- Opening Delimiter -

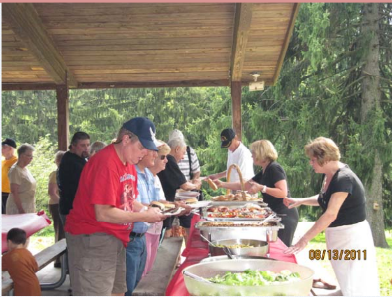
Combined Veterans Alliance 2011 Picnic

- Closing Delimiter -
- Opening Delimiter -

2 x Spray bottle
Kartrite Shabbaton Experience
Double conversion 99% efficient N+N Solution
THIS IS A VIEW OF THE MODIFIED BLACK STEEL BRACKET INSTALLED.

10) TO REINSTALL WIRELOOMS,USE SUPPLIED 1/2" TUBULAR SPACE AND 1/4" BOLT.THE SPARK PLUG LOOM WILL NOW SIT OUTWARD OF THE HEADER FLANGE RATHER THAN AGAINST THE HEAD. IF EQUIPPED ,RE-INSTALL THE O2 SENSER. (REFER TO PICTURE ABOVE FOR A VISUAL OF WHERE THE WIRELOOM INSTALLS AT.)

- Closing Delimiter -
- Opening Delimiter -

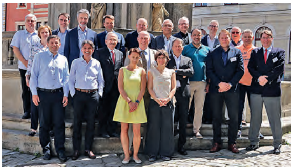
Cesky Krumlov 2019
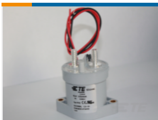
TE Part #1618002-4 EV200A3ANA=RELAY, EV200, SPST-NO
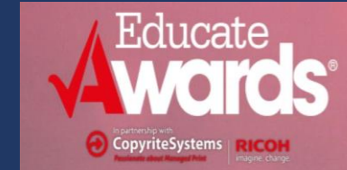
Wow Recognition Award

- Closing Delimiter -

GOAL OF THE EXERCISE:
Transcribe the lines above exactly, beginning at the one with "Cesky Krumlov 2019" and ending at the one with "Wow Recognition Award". Include both; exclude the pictures.

SOLUTION TO THE PROBLEM:
Cesky Krumlov 2019
TE Part #1618002-4 EV200A3ANA=RELAY, EV200, SPST-NO
Wow Recognition Award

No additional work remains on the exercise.